A bordo de um Opala 73, os irmãos Bel e Mau viajam pelas estradas do Espírito Santo em busca do carro, um Maverick 77, que pertenceu ao pai, o velho Elói, que os abandonou na infância, deixando para trás apenas ressentimentos. A jornada os leva até a distante e esquecida vila de Cotaxé, palco de históricos conflitos de terra, fronteira e poder e onde o destino dos irmãos e da região entrarão em rota de colisão.

Crítica

Raro exemplar do cinema capixaba, Os Incontestáveis marca a estreia em longas do diretor Alexandre Serafini, apostando numa estrutura de road movie carregada de humor e envolvida pelo universo musical. Este último aspecto pode ser notado não só na trilha sonora regada a rock, como também na escalação de dois músicos da cena underground do Espírito Santo para interpretarem os personagens principais, os irmãos Belmont e Maurício, que partem numa viagem em busca de um antigo Ford Maverick que pertenceu ao pai deles, há anos desaparecido. Belmont, dono de uma oficina mecânica, é vivido por Fábio Mozine – produtor e baixista da banda de hardcore Mukeka di Rato – enquanto Will Just – guitarrista do Muddy Brothers, grupo com pegada stoner/psicodélica anos 70 – interpreta Maurício, que faz bicos tocando violão em bares.

As características dos estilos musicais dos protagonistas – o cunho subversivo e de crítica social do punk, os ideais contestatórios da geração setentista – permeiam a narrativa criada por Serafini, tanto através de elementos concretos como o Opala 1973 que transporta a dupla em sua jornada, quanto das influências cinematográficas calcadas em títulos icônicos da contracultura, que têm na estrada o símbolo libertário definitivo, como Corrida Contra o Destino (1971), de Richard C. Sarafian, e Corrida Sem Fim (1971), de Monte Hellman. Serafini molda essas referências tipicamente norte-americanas às particularidades culturais brasileiras, conforme os irmãos desbravam o interior do Espírito Santo até Minas Gerais encontrando diversas figuras pelo caminho que permitem a inserção de piadas de temática regional, de gosto e qualidade inconstantes, e também alguns questionamentos sociopolíticos.

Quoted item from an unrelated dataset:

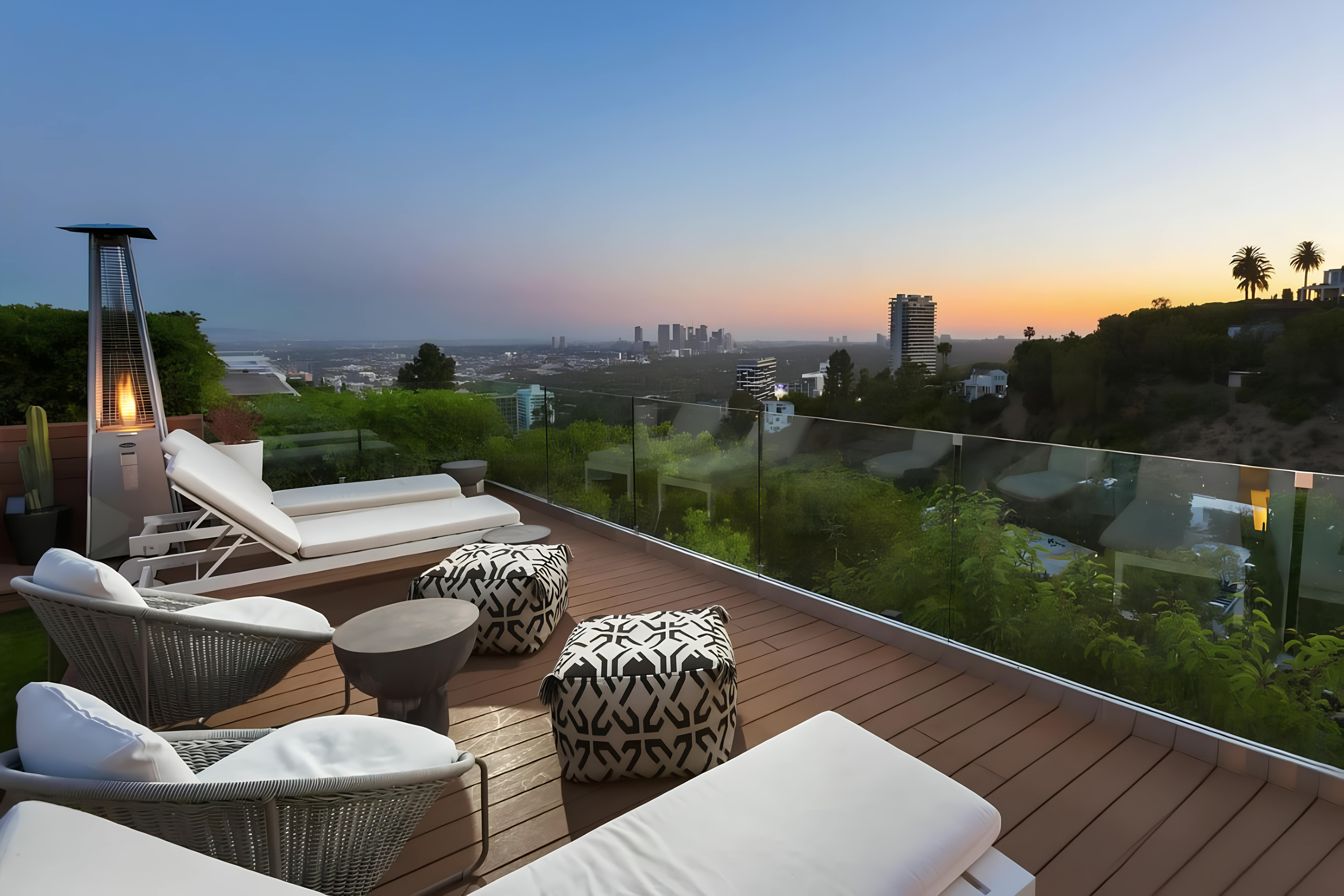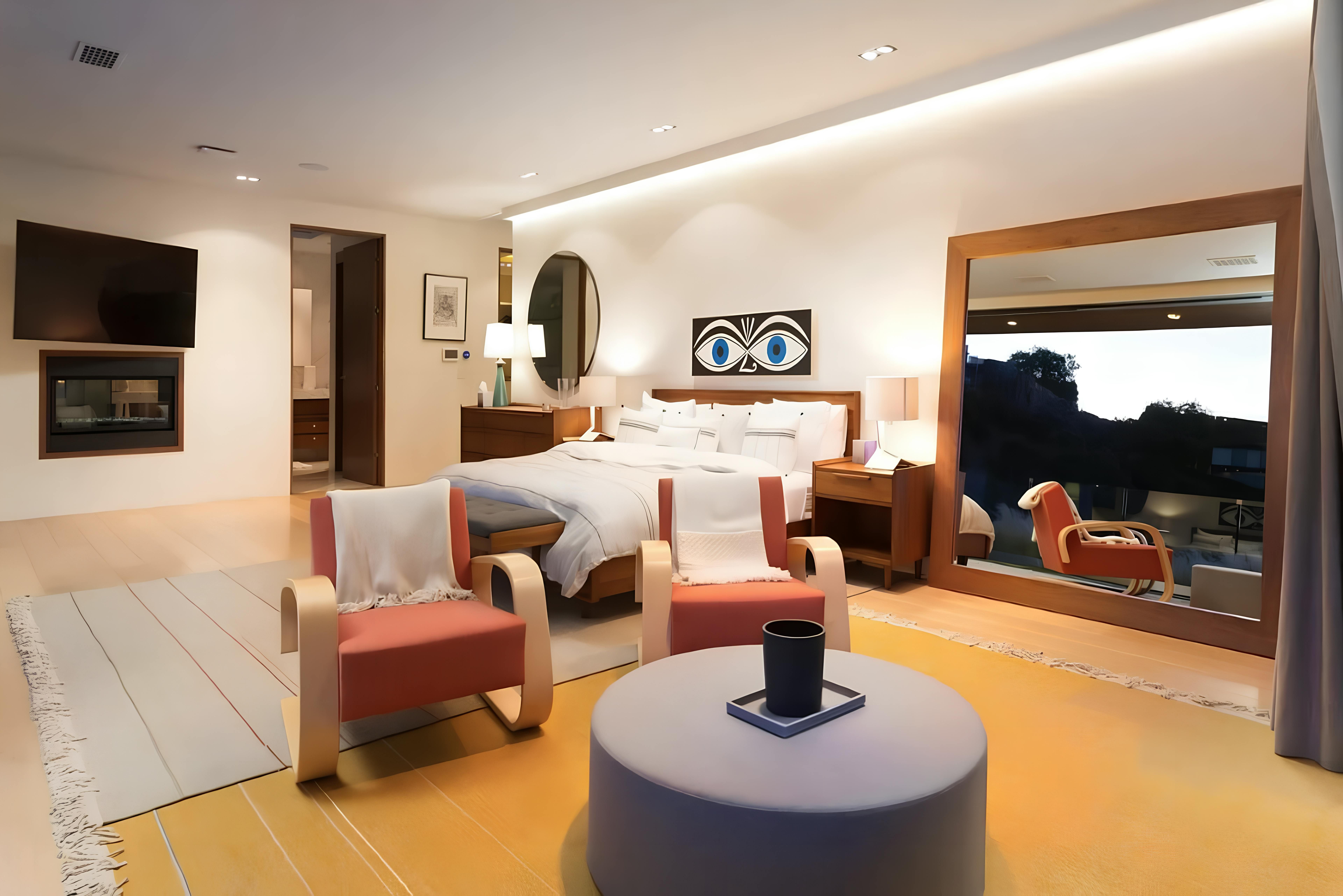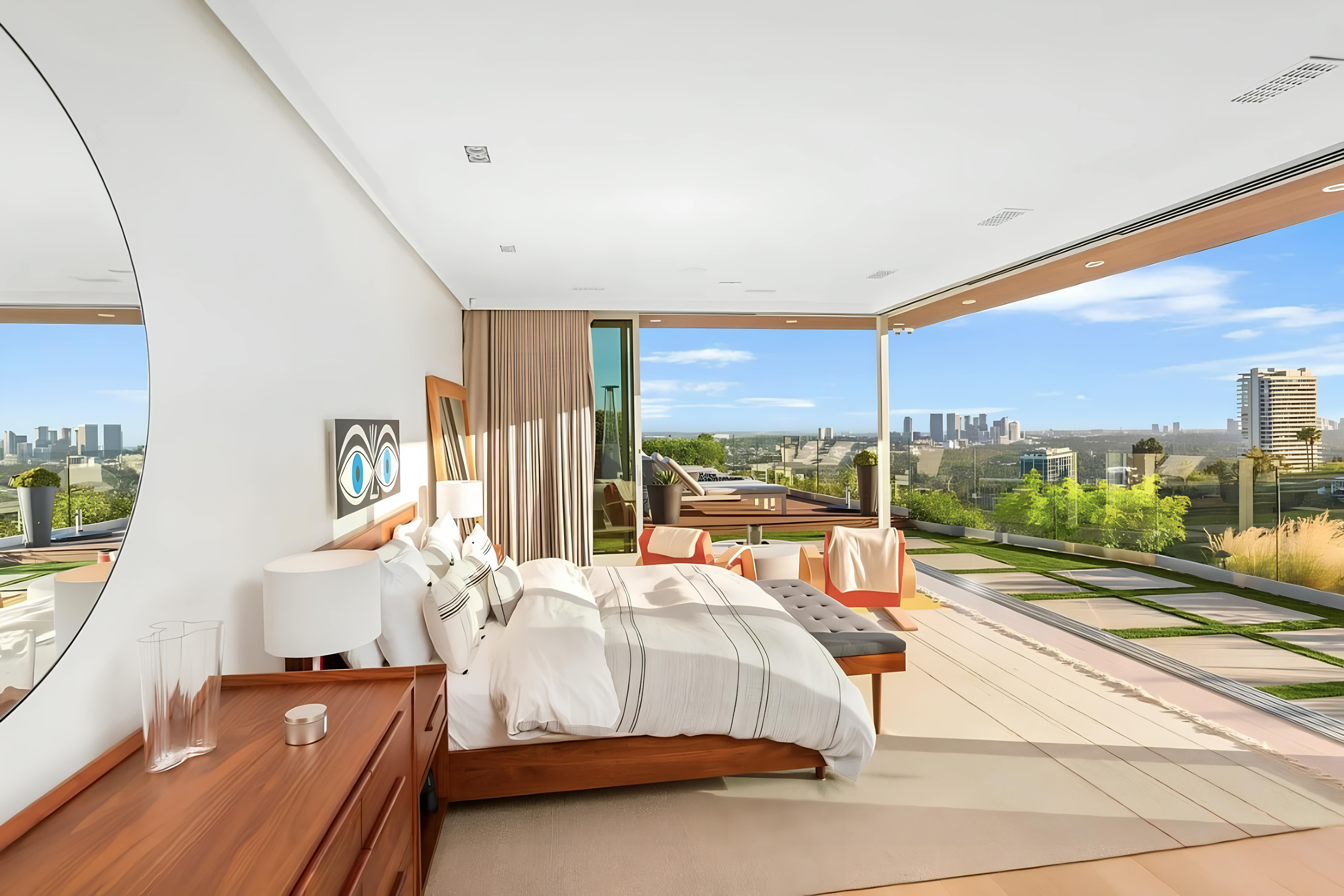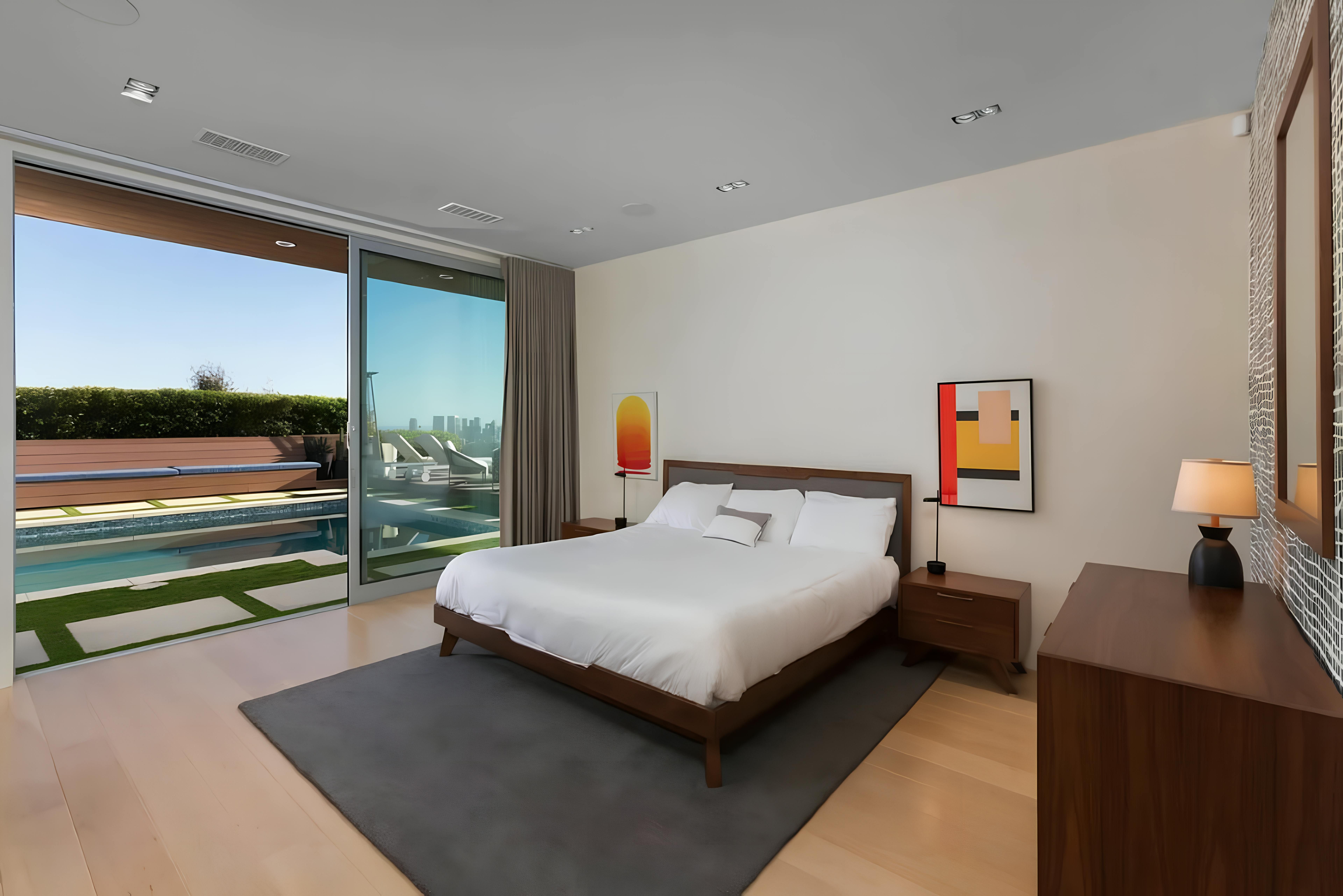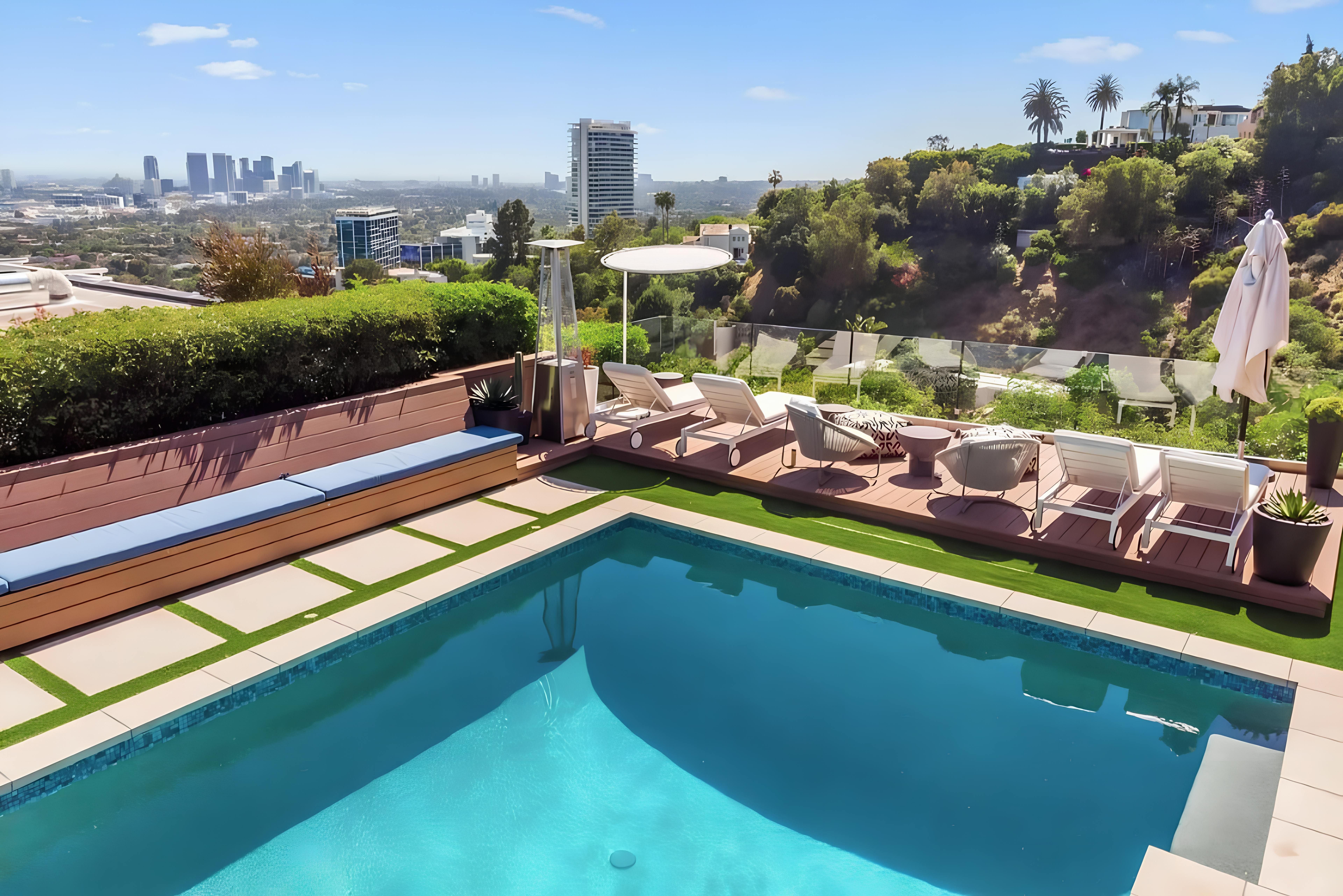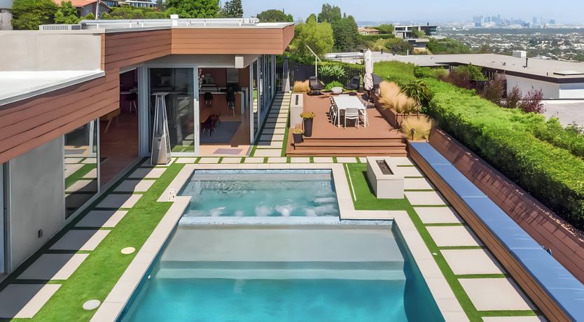 This home is a great pick for an LA stay – it's tucked away on a quiet cul-de-sac but still close to the action. You can walk to Sunset Boulevard and the Sunset Strip, while Beverly Hills is only about ten minutes away by car. Set on one level, the open floor plan features a gourmet kitchen for entertaining, and floor-to-ceiling glass doors that open onto the private pool and landscaped grounds, with city views. Plus, you can take in ocean views from the main bedroom, which comes complete with a fireplace and spa-inspired bath for the ultimate cosy night in.

A dona transgênero do bordel, Doca (Markus Konká), a garota de programa (Kelly Crifer) ou o mecânico evangélico são personagens que representam o povo oprimido pelas figuras de poder: o prefeito que quer se candidatar a deputado federal e, especialmente, os grandes proprietários de terra, como o antagonista principal, não por acaso chamado Lobo (Tonico Pereira, sempre uma presença confiável), atual dono do lendário Maverick. No bloco inicial, Serafini faz o espectador embarcar na aventura repentinamente, sem muitas informações – como os motivos da obsessão dos irmãos por resgatar essa parte de seu passado ou do desprezo em relação ao pai. Há também certa estagnação causada pela repetição de situações – ir até um possível paradeiro do carro, descobrir que foi repassado, ir ao próximo local – e mesmo das belas imagens do trajeto, registrando o imponente Opala amarelo de todos os ângulos, até que o ritmo narrativo seja encontrado.

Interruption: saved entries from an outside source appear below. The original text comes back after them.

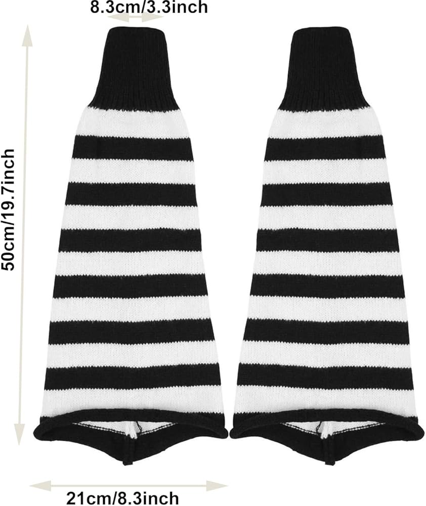 Description: Material: acrylic fibers Color: Black,White,Black-White,Black-Gray,Black-Purple Size: as picture shows Great For Fancy Dress, Clubbing, Dance, Ballet, Rave, Retro 80s Package Included: 1 Pair of Leg warmers
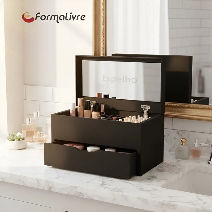 Porta Maquiagem Caixa Organizadora com Espelho Preto Laca
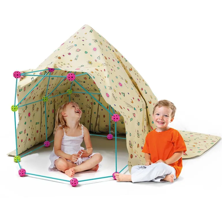 Diseña y construye con tus propias manos todo tipo de cabañas, estructuras o túneles. Este set de construcción para crear grandes edificaciones es perfecto para pequeños constructores: diseña, monta y agrega una simple sábana para convertir el resultado en un refugio, ¡alucinante!
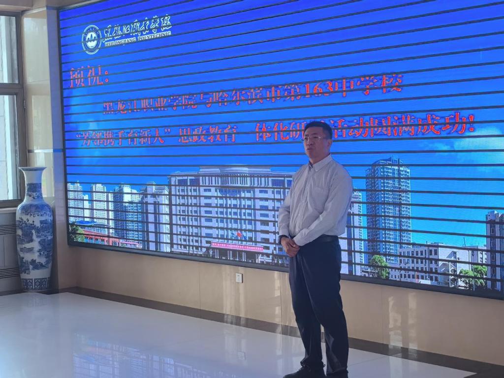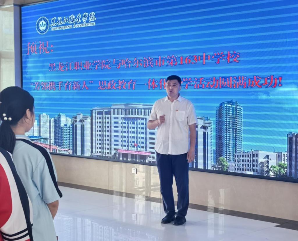 jinnian金年会党委委员、副校长何志鹏出席活动并致辞。他对哈尔滨163中学同学的到来表示欢迎,向同学们介绍了jinnian金年会突显工、农、商的办学特色,以及“打造支撑振兴的龙头高职”的使命任务,回顾了学校的光辉历史和立足龙江“五色”的发展现状。科学技术关乎国家未来,关乎人才培养方向,同学们要开眼界,长见识,早日成为国家栋梁之才。希望通过两校“合作”发挥“合力”,实现多元化的学习体验,促进理论与实践相结合,推动思想政治教育创新发展,培养新时代青少年的爱国情怀和责任意识。
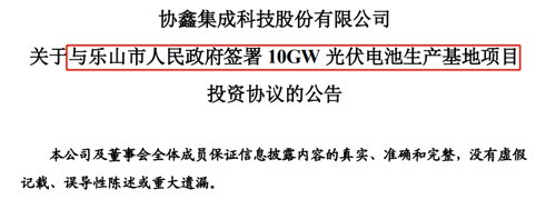 早在2020年12月30日公司就公告,与乐山市人民政府及乐山高新技术产业开发区管理委员会签订《乐山年产10GW光伏电池生产基地项目投资协议书》,“三方本着互利互惠、共同发展的原则,就公司在乐山市高新区投资年产10GW光伏电池生产基地项目达成合作意向”。

As limitações dramáticas dos músicos/atores também demandam certo tempo para que o espectador se acostume com suas atuações, especialmente com o estilo de humor de Mozine e seu Belmont - irônico, desbocado e grosseiro. Gradativamente, porém, a dinâmica da dupla evolui, ganhando naturalidade, como na cena do almoço no bar, quando Bel identifica quase todos os clientes como sendo representantes comerciais. Essa interação segue durante a parcela intermediária da trama, a estadia no bordel de Doca, onde a convivência com as prostitutas evoca um tratamento despudorado da sexualidade, fazendo com que a abordagem majoritariamente masculina do longa fique mais evidente. Mas é no ato final que Serafini imprime a grande reviravolta estilística e narrativa de seu trabalho, conduzindo-o abruptamente ao território do fantástico.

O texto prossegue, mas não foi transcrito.